[MATERIAL PROVIDED — start]

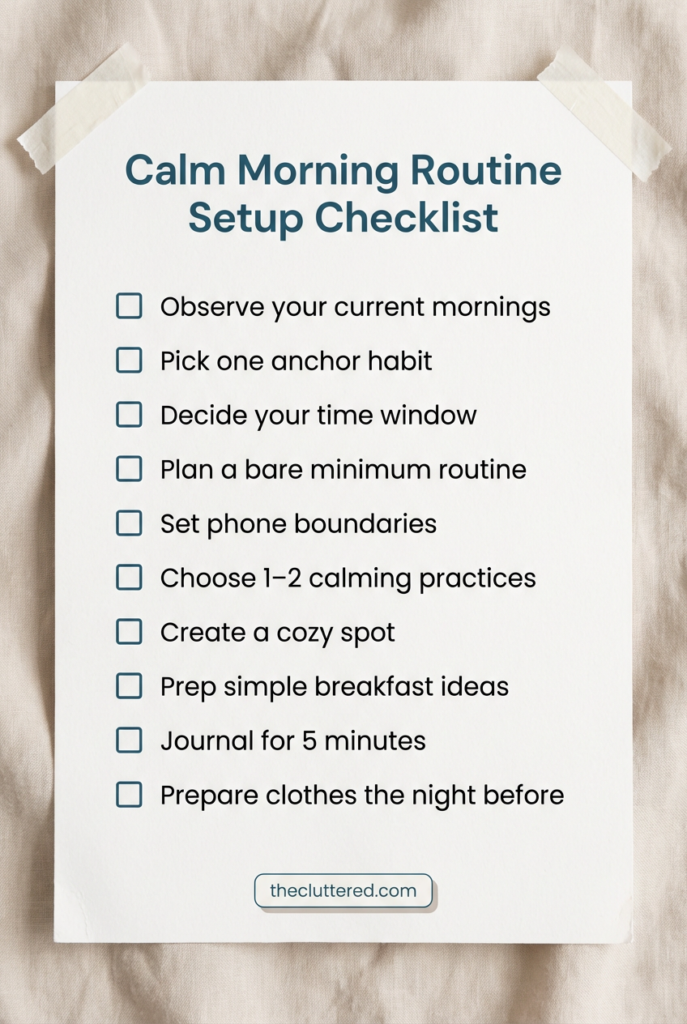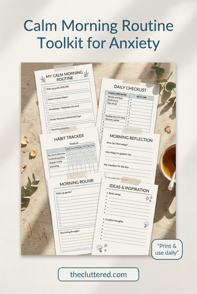 You don’t need a perfect, aesthetic routine to deserve a calm morning. Start tiny, be kind to yourself when you miss days, and let your routine evolve with you. Save this post so you can return to the checklists and ideas anytime, and follow @theclutteredblog on Pinterest for more cozy, anxiety friendly routines and slow living inspiration.
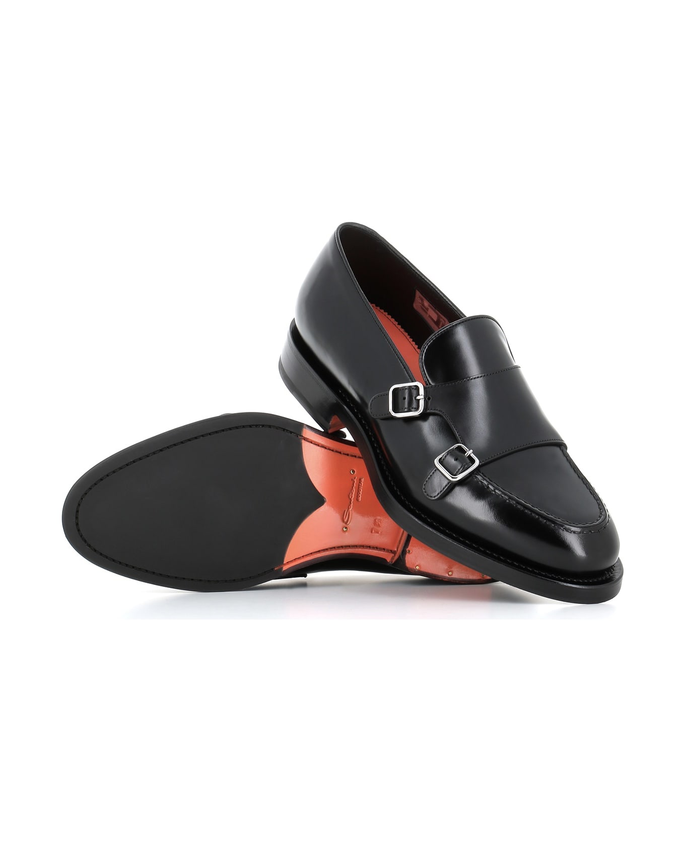 Black brushed leather loafer with buckles from Santoni, hand dyed. Lined interior. 'Goodyear' artisan manufacturing. Double leather sole. Heel: 3 cm
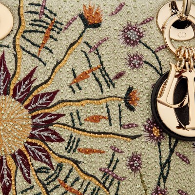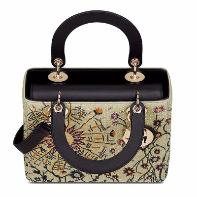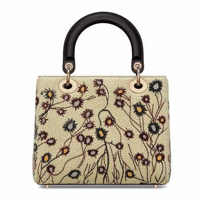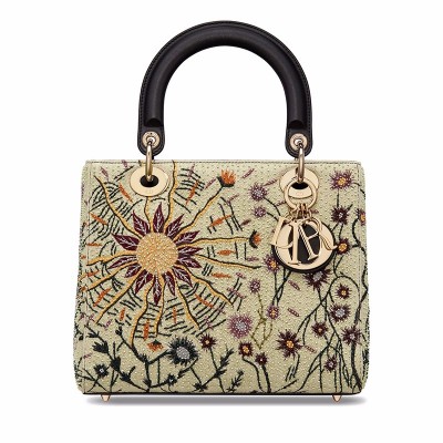【包邮包税】DIOR/迪奥 2020春夏新款 Lady Dior系列 淡黄色小牛皮拼接彩绣中号戴妃包手提包 M0565OURV_M886
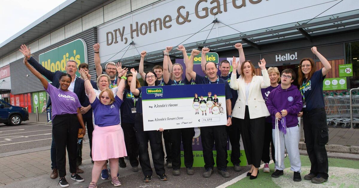 Staff at Woodies Turner’s Cross in Cork present a cheque to Tshego Pelo, from Childline; Aidan Stacey, CEO Down Syndrome Ireland; Jenny and Danny O’Connell, Down Syndrome Ireland; Jackie and Katie Connolly, Down Syndrome Ireland; and Siobhan Hanley, director, Cancer Fund for Children.

[MATERIAL PROVIDED — finish]

Reproduce the data word for word without its images.

 You don’t need a perfect, aesthetic routine to deserve a calm morning. Start tiny, be kind to yourself when you miss days, and let your routine evolve with you. Save this post so you can return to the checklists and ideas anytime, and follow @theclutteredblog on Pinterest for more cozy, anxiety friendly routines and slow living inspiration.
 Black brushed leather loafer with buckles from Santoni, hand dyed. Lined interior. 'Goodyear' artisan manufacturing. Double leather sole. Heel: 3 cm
【包邮包税】DIOR/迪奥 2020春夏新款 Lady Dior系列 淡黄色小牛皮拼接彩绣中号戴妃包手提包 M0565OURV_M886
 Staff at Woodies Turner’s Cross in Cork present a cheque to Tshego Pelo, from Childline; Aidan Stacey, CEO Down Syndrome Ireland; Jenny and Danny O’Connell, Down Syndrome Ireland; Jackie and Katie Connolly, Down Syndrome Ireland; and Siobhan Hanley, director, Cancer Fund for Children.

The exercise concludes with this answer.